» YOUR INSTRUCTIONS
Beginning with the line containing "그렇게 그것이 알고싶다" and ending at the last line of the records, transcribe each line exactly. Do not include pictures.

(Data entries)
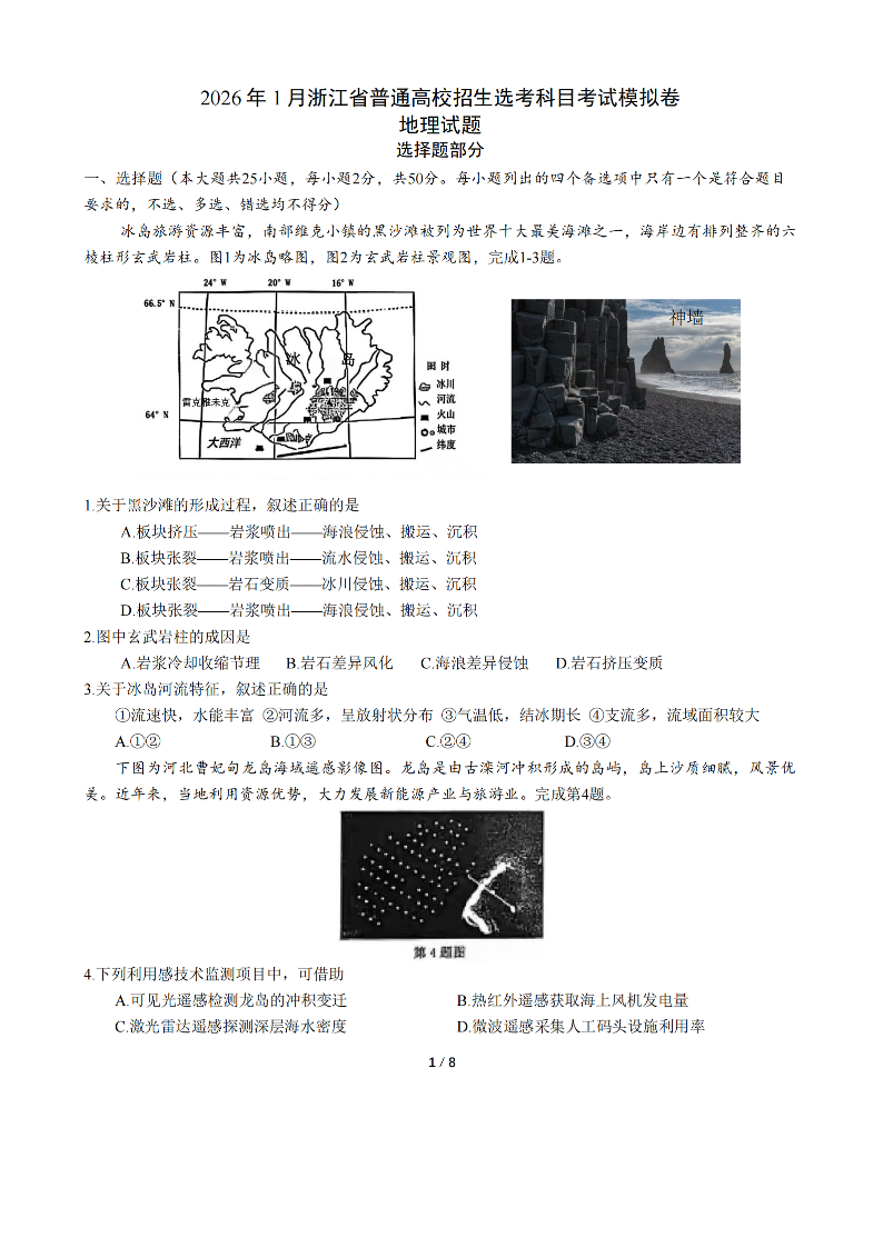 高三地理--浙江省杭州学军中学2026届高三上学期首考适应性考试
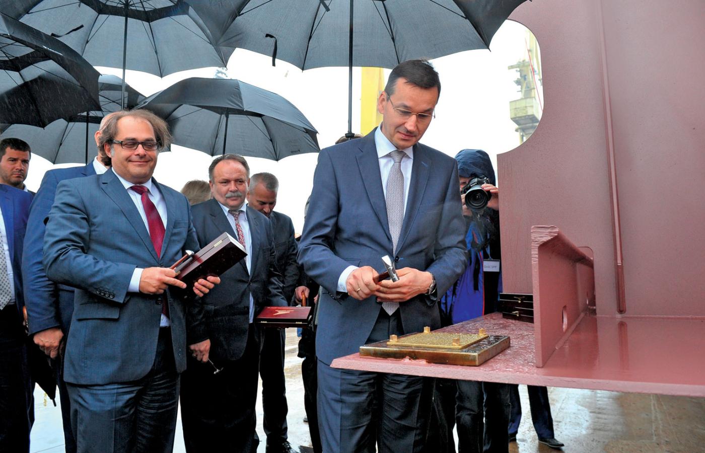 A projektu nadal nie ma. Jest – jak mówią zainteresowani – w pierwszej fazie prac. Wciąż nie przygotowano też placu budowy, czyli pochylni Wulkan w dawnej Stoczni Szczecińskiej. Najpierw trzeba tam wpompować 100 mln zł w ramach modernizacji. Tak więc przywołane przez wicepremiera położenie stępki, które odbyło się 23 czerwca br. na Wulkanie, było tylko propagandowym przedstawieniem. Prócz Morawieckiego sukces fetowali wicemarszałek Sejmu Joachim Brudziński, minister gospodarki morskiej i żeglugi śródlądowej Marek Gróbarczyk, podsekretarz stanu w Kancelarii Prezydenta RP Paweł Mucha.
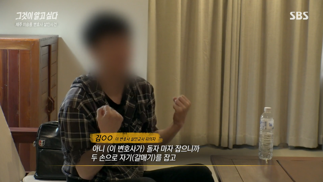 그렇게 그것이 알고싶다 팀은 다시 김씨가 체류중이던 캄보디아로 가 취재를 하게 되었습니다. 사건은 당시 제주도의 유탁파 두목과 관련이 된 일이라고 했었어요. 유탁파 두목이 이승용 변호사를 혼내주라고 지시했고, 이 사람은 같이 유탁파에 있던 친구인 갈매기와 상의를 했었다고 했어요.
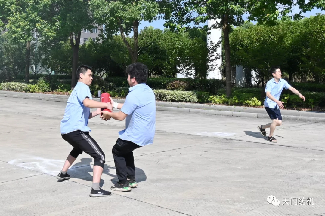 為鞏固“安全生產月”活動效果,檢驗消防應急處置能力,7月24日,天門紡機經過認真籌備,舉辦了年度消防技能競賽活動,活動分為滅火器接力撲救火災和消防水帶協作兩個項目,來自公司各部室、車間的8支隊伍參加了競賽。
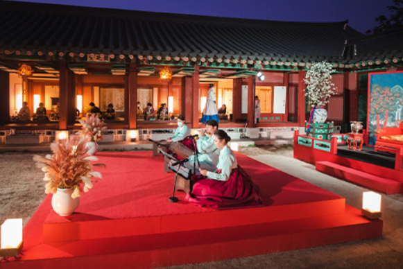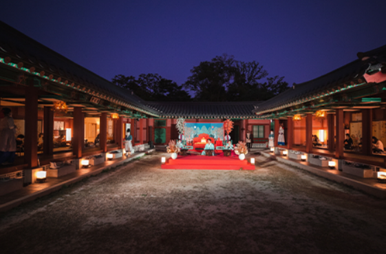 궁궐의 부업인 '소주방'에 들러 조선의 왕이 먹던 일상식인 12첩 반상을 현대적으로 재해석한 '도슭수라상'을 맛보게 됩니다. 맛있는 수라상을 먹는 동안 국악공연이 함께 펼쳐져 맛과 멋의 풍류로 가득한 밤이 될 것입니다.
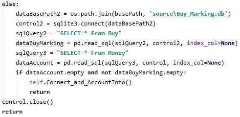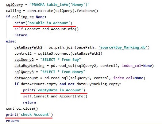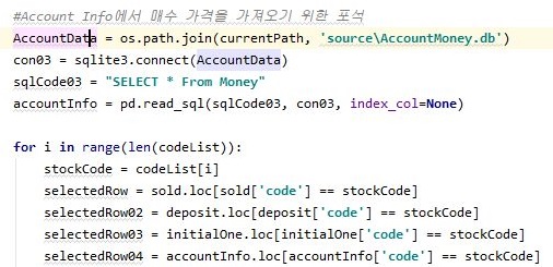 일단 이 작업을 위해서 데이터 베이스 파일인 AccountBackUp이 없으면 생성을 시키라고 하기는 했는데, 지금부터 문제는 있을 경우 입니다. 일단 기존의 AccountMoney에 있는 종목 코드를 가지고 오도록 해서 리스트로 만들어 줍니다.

» EXERCISE SOLUTION
 그렇게 그것이 알고싶다 팀은 다시 김씨가 체류중이던 캄보디아로 가 취재를 하게 되었습니다. 사건은 당시 제주도의 유탁파 두목과 관련이 된 일이라고 했었어요. 유탁파 두목이 이승용 변호사를 혼내주라고 지시했고, 이 사람은 같이 유탁파에 있던 친구인 갈매기와 상의를 했었다고 했어요.
 為鞏固“安全生產月”活動效果,檢驗消防應急處置能力,7月24日,天門紡機經過認真籌備,舉辦了年度消防技能競賽活動,活動分為滅火器接力撲救火災和消防水帶協作兩個項目,來自公司各部室、車間的8支隊伍參加了競賽。
 궁궐의 부업인 '소주방'에 들러 조선의 왕이 먹던 일상식인 12첩 반상을 현대적으로 재해석한 '도슭수라상'을 맛보게 됩니다. 맛있는 수라상을 먹는 동안 국악공연이 함께 펼쳐져 맛과 멋의 풍류로 가득한 밤이 될 것입니다.
 일단 이 작업을 위해서 데이터 베이스 파일인 AccountBackUp이 없으면 생성을 시키라고 하기는 했는데, 지금부터 문제는 있을 경우 입니다. 일단 기존의 AccountMoney에 있는 종목 코드를 가지고 오도록 해서 리스트로 만들어 줍니다.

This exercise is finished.